由于hadoop没有提供mac平台上的包,所以如果我们想要在mac上使用hadoop的native库,那么就只能通过手动构建hadoop了
开始构建…(我这边编译的hadoop版本是2.7.3,稍微更麻烦点)
下载安装maven
安装需要的环境包
bash brew install gcc autoconf automake libtool cmake snappy gzip bzip2 zlib
安装1.0.2版本的openssl(必须要是1.0.2,参考https://issues.apache.org/jira/browse/HADOOP-14597)

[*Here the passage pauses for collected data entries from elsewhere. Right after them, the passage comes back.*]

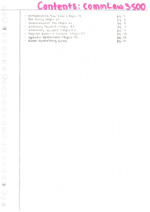 This is a comprehensive guide covering all relevant topics from the course that is a great tool for studying and helped me ace my own final exam. It is presented in the form of weekly notes summarising all of the readings, lectures and tutorial information, and includes a specific guide for exams addressing how to set out and answer exam questions for maximum marks based on tips from my teachers and things I learned along the way as well. It covers all assessable topics for the exam, including: 1. International Tax 2. Assessable Income 3. Non-Assessable Income 4. Deductions 5. Tax Accounting 6. Tax Entities It also covers topics that are not in the exam but which will help with weekly tutorial questions and assignments such as: 7. Taxation Policy 8. Ordinary Income 9. Statutory Income 10. Capital Gains Tax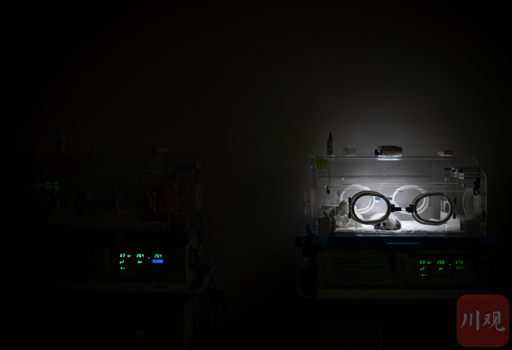 2021年8月16日,中国大熊猫保护研究中心神树坪基地,一只一个月大的熊猫幼崽在育幼箱中。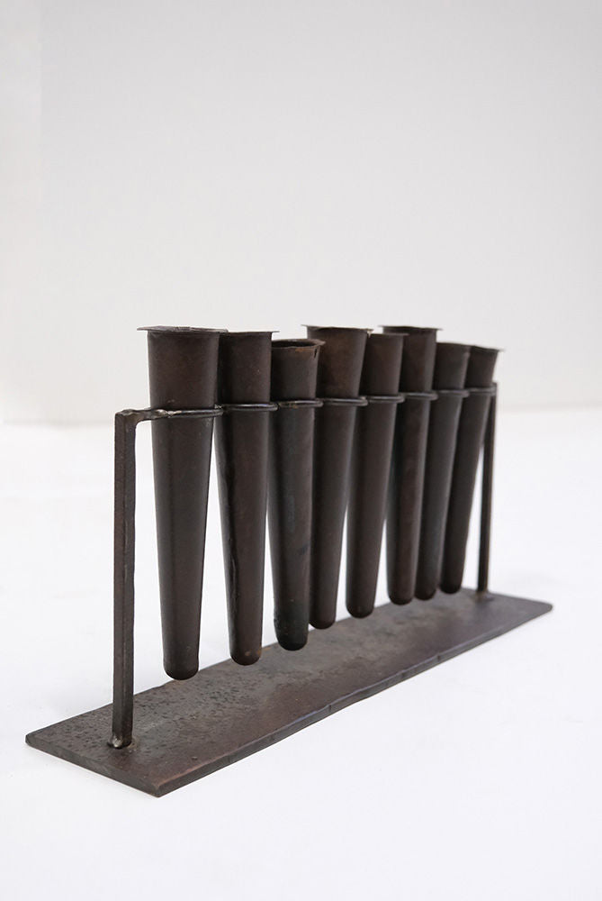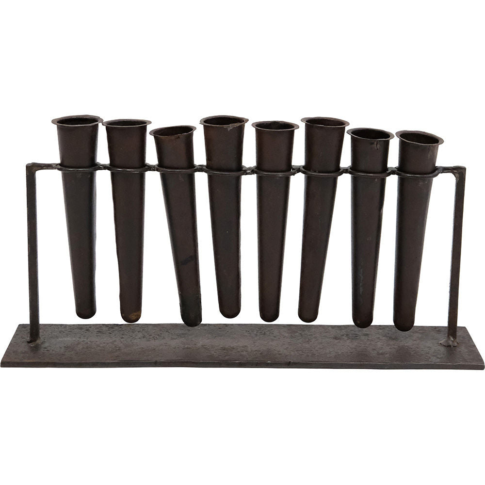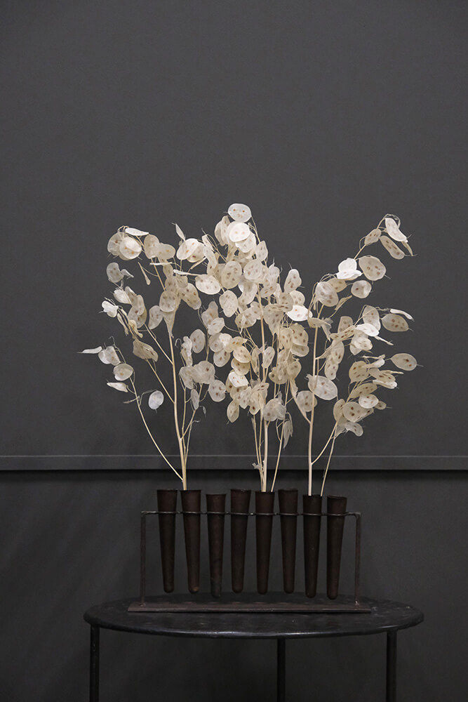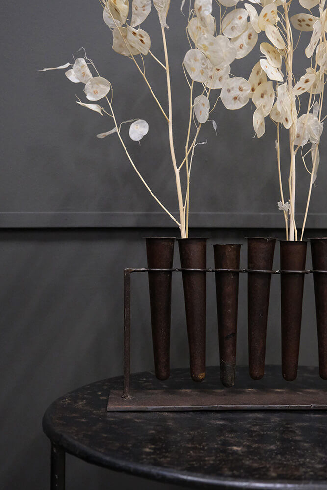 Robbie stativ med otte små vaser i metal - en sjov og alsidig måde at bringe naturens skønhed ind i din indretning. De 8 små vaser har oprindeligt været brugt som isforme, men er nu upcyclede til at holde dine fine blomsterkreationer. Stativet er råt og industrielt, og de otte små vaser i metal tilbyder en rustik ramme til dine yndlingsblomster eller grønne grene.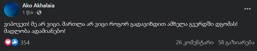 ბოლო სიახლე საზოგადოება დიდ დიღომში გაუჩინარებული 11 წლის გოგონა იპოვეს მარშალ პრესი 17/06/2023 დიდ დიღომში დაკარგული 11 წლის მარიამიი იპოვნეს. ინფორმაცია მისმა ბიძამ გაავრცელა. Post navigation Previous: ციხეში უნდა გადავიდეს და იქიდან უხელმძღვანელოს პოლიტიკურ პროცესებს „ნაცმოძრაობაში – იაგო ხვიჩია სააკაშვილზეNext: ეს არაა პატიოსანი ქცევა – ლიკა ბასილაია-შავგულიძე სააკაშვილსა და მის გარემოცვაზე

brew install rbenv/tap/[email protected]
安装protobuf
获取protobuf2.5.0的源码,获取完后需要改权限
## 版本必须和Hadoop源码中版本保持一致
grep 'protobuf.version' */pom.xml
sudo wget https://github.com/protocolbuffers/protobuf/releases/download/v2.5.0/protobuf-2.5.0.tar.gz
获取到protobuf2.5.0的源码后,必须要修改./google/protobuf/stubs/atomicops_internals_macosx.h文件里面的内容(参考:https://github.com/protocolbuffers/protobuf/issues/8836)
找到以下代码:
#else
#error Host architecture was not detected as supported by protobuf
在上面添加:
#elif defined(__arm64__)
#define GOOGLE_PROTOBUF_ARCH_ARM 1
#define GOOGLE_PROTOBUF_ARCH_64_BIT 1
开始编译和安装protoc
cd protobuf-2.5.0/
./configure
make && make install
protoc --version #libprotoc 2.5.0
修改hadoop项目的hadoop-common-project/hadoop-common项目的pom.xml文件
找到以下代码:
<exec executable="cmake" dir="${project.build.directory}/native" failonerror="true">
<arg line="${basedir}/src/ -DGENERATED_JAVAH=${project.build.directory}/native/javah -DJVM_ARCH_DATA_MODEL=${sun.arch.data.model} -DREQUIRE_BZIP2=${require.bzip2} -DREQUIRE_SNAPPY=${require.snappy} -DCUSTOM_SNAPPY_PREFIX=${snappy.prefix} -DCUSTOM_SNAPPY_LIB=${snappy.lib} -DCUSTOM_SNAPPY_INCLUDE=${snappy.include} -DREQUIRE_OPENSSL=${require.openssl} -DCUSTOM_OPENSSL_PREFIX=${openssl.prefix} -DCUSTOM_OPENSSL_LIB=${openssl.lib} -DCUSTOM_OPENSSL_INCLUDE=${openssl.include} -DEXTRA_LIBHADOOP_RPATH=${extra.libhadoop.rpath}"/>
exec>
在arg的line参数后面再加上zlib参数:
-DZLIB_LIBRARY=/opt/homebrew/Cellar/zlib/1.3.1/lib
开始编译Hadoop2.7.3
# 设置1.0.2版本的ssl环境,不能使用高版本的ssl
export PATH=/opt/homebrew/Cellar/[email protected]/1.0.2u:$PATH
mvn clean package -DskipTests -Pdist,native -Dtar
Dopenssl.prefix=/opt/homebrew/Cellar/[email protected]/1.0.2u是自己的openssl目录
通过上面的方法应该已经可以完成hadoop的编译和构建
编译完后在hadoop的hadoop-dist
目录下应该就可以看见Hadoop-2.7.3目录,也就是hadoop应用程序了,可以通过判断启动hadoop任意组件是否会发出没有加载native库警告来判断是否生效(注意:通过hadoop checknative -a仍会报错,因为brew上面的库还是无法加载到,但是不影响hadoop启动时加载native库)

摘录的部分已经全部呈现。